Portugaise d’origine, Patricia vit désormais à Lisbonne, où repose aussi sa fille. Elle reviendra à Paris pour les cérémonies entourant le 10e anniversaire du 13 novembre. Mais ne s’attardera pas dans la capitale française, une ville tourmentée qu’elle ne trouve « pas propice à l’apaisement ». Mais l’apaisement est-il vraiment possible pour cette mère brisée, qui se considère comme en « mode survie » ?
David veut passer à autre chose
PHOTO FOURNIE PAR DAVID FRITZ GOEPPINGER
David Fritz Goeppinger
David Fritz Goeppinger a vu la mort de près. Pendant l’attaque du Bataclan, il a été pris en otage dans un couloir avec sept autres personnes. Les deux terroristes avaient des kalachnikovs et des ceintures d’explosifs. Le premier a sauté à quelques mètres de lui, le second a été tué par la police. Ce genre d’expérience ne laisse pas indemne.
Mais le photographe a affronté ce traumatisme en choisissant l’action, que ce soit en écrivant un livre-témoignage (Un jour dans notre vie) ou en couvrant, pour le média France Info, le mégaprocès du 13 novembre qui a duré de septembre 2021 à la fin de mai 2022.
Avec du recul, David réalise toutefois qu’il était alors dans une sorte de fuite en avant.

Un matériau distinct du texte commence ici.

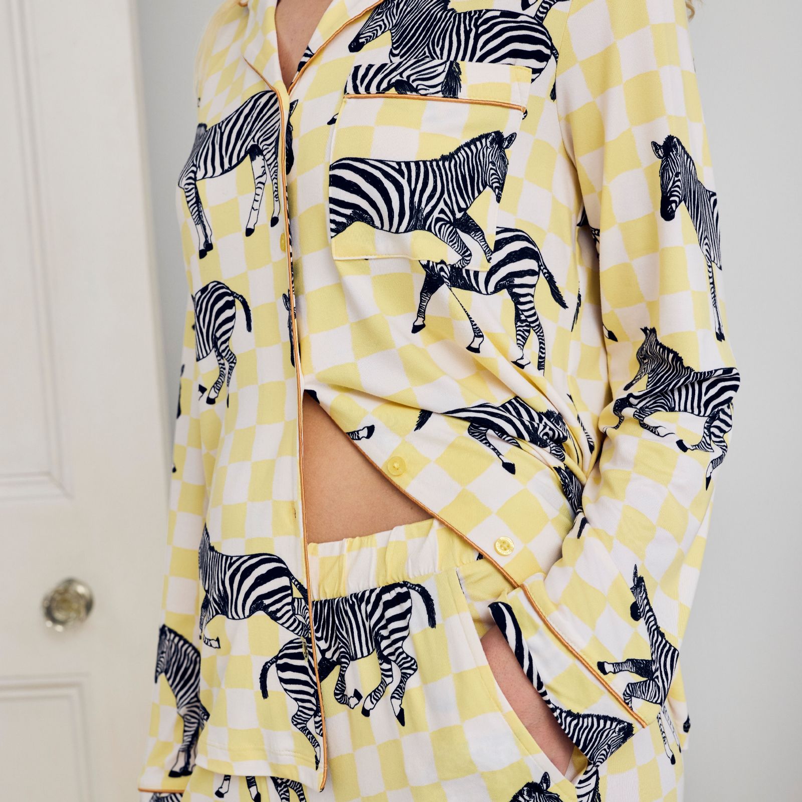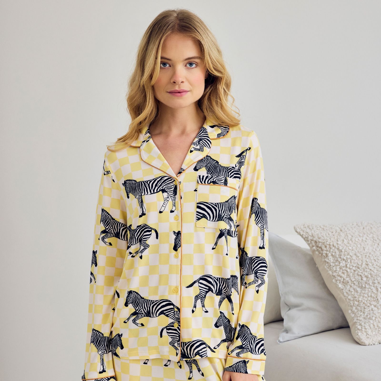 Whether youre winding down after a busy day or enjoying a lazy morning, the Chelsea Peers Classic Long Sleeve Set brings a touch of playful style to your downtime. Featuring a button-up top and matching trousers in a striking zebra checkerboard print, this relaxed-fit set offers comfort and personality in equal measure, making it perfect for lounging, reading, or simply curling up on the sofa.
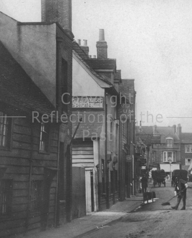 View from middle of Sun Street, looking west. In the centre is the Sun Inn, which gave it's name to Sun Street. Further along is the White Lion Public House with Market Square houses in the background.
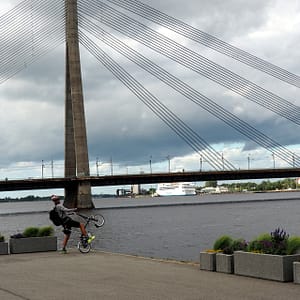 Riga je 23km bajkom po relatívne slušnom asfalte, no počasie 05.08. zase raz štrajkuje. Zastavíme si pred riekou a obdivujeme, infinity pool pred bankou. Nevesty sa fotia s panorámou Rigy. Za mostom nás čaká hrkotavá cesta dláždenými uličkami. Tu si zase raz nezajazdíme. Človek si vôbec neuvedomí, že chodí po dlažbe, pokiaľ tade nemusí ísť na bajku s malými kolieskami. Chceme obedovať v Folkklubs Ala Pagrabs, kde sme boli minule, no otvárajú až o druhej. Čas si krátime pivkom z obchodu. Na ulici stretneme auto s PD ŠPZ. Keď je konečne je otvorené – bajky si poskladáme a zložíme ich pred pódiom, na ktorom bude živá hudba až večer. Sedíme sami dvaja za veľkým stolom a veliké kreslo nevládzem takmer vôbec posunúť. Atmoška je fajná, majú megadobré remeselné pivko, kapustu s guľkami, plnené cukety a maize zupe.
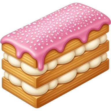 mille-feuille-cinematic-realistic-mille-feuille-dessert-emoji,-depicted-as-a-delicate-pastry-composed-of-two-crisp-layers-of-puff-pastry-with-a-rich-cream-filling,-rendered-with-intricate-textures-and-elegant,-soft-lighting. Please only show two layers emoji

En fait, j’ai découvert que j’étais un peu dans le déni. Je n’étais peut-être pas assez mature pour comprendre. Mais je pense que j’avais tourné le dos au vrai problème qui était celui de la culpabilité.
David Fritz Goeppinger
S’il va mieux aujourd’hui, il se dit loin d’être guéri. Ses symptômes post-traumatiques reviennent de façon chronique. Il est anxieux, sort moins qu’avant et consulte une psychiatre. Ce qui ne l’empêche pas de poursuivre ses activités liées au 13 novembre. Il a été photographe et consultant pour Des vivants, une série (avec acteurs) qui raconte l’attaque du Bataclan. Il a aussi écrit un deuxième livre (Il fallait vivre) qui revient sur le procès et sa propre reconstruction.

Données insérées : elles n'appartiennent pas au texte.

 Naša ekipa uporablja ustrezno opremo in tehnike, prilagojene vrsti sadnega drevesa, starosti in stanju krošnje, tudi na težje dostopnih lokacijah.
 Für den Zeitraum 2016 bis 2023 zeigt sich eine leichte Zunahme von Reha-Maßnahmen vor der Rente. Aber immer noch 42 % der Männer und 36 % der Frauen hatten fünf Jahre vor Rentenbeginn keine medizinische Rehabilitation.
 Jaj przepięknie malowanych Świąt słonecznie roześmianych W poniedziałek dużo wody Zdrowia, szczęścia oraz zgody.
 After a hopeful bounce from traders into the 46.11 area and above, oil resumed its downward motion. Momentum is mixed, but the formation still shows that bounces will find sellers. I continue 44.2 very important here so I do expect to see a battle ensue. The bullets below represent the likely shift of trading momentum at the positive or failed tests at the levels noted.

Mais à l’entendre, il doit vraiment passer à autre chose. « Je suis maintenant conscient de la vie qu’il me reste, conclut-il. Si je ne décide pas d’arrêter d’écrire des livres, de faire des projets sur le 13 novembre, je n’en sortirai jamais. Parce que l’idée, c’est d’en sortir. J’ai besoin de ça… »
Fred ne répond plus…
PHOTO FOURNIE PAR FRED DEWILDE
Fred Dewilde
On lui a envoyé un message, puis deux. On était curieux de savoir comment ce grand gaillard se portait, cinq ans après notre dernière conversation. C’est seulement après qu’on a su : Fred Dewilde s’est suicidé en mai 2024. La nouvelle nous a choqué, mais pas complètement surpris.

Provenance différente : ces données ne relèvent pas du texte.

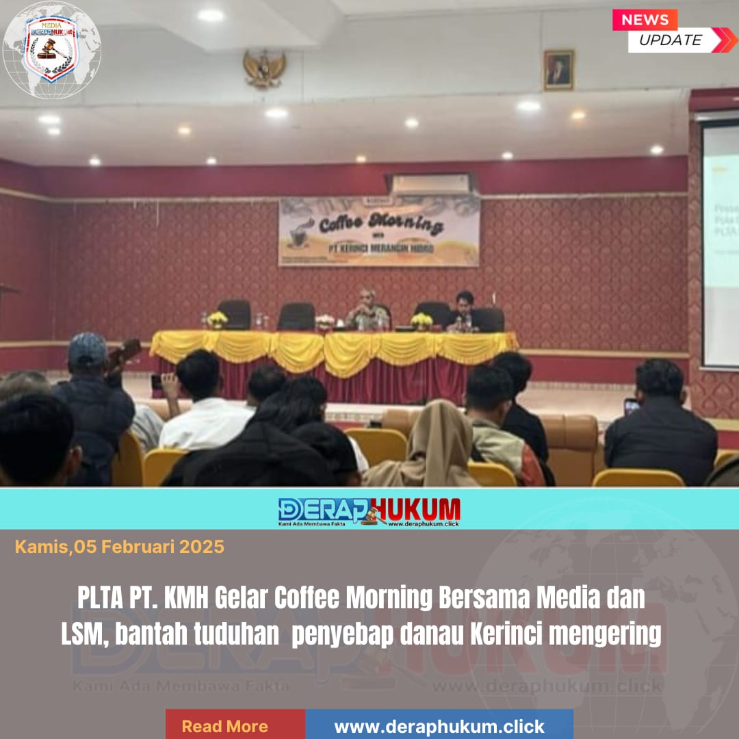 Kerinci, | Deraphukum.click | PT Kerinci Merangin Hidro (PT. KMH) menggelar kegiatan Coffee Morning bersama awak media dan LSM se-Kabupaten Kerinci dan Kota Sungai Penuh. Kegiatan tersebut berlangsung di Aula Hotel Mahkota, Kota Sungai Penuh, Kamis (05/02/2026).
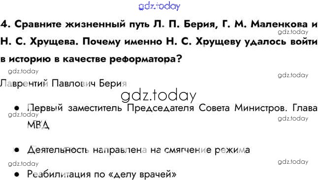 На страницах сайта gdz.today вы найдете учебный и вспомогательный материал, направленный на улучшения знаний школьной программы. ГДЗ - онлайн мир знаний Вопросы и задания Решение к §31 4 Учебнику по Истории для 11 класса Загладин, Петров Базовый уровень Русское слово Инновационная школа 2014

Fred ne s’était jamais complètement remis des attaques du Bataclan, au cours desquelles il avait fait le mort pendant deux heures, « dans le sang d’un mec [qu’il] ne connaissai[t] pas ». Il avait tenté de guérir son traumatisme en créant des bandes dessinées extrêmement sombres, pleines de squelettes et de violence extrême. Mais ce vieux punk ultrasensible était déjà rongé de l’intérieur par ses idées noires.
« J’ai réellement lutté contre l’envie de crever », nous avait-il confié, il y a cinq ans. Bataille perdue. « Il n’a pas pu passer par-dessus à la fin, résume Christophe Naudin, autre survivant des attentats du 13 novembre. À la commémoration de l’année dernière, ça nous a fait bizarre de ne pas le voir avec son bonnet orange. Comme il était très grand, on le remarquait. »
Fred Dewilde n’est pas le premier rescapé du 13 novembre à mettre fin à ses jours. Guillaume Valette, miraculé de la fosse du Bataclan, s’est suicidé en 2017. Il avait 31 ans. France-Élodie Besnier, survivante du bar Le Carillon, s’est donné la mort en 2021, à l’âge de 35 ans. Ces trois « blessés psychiques » sont désormais considérés comme les 131e, 132e et 133e victimes des attentats du 13 novembre.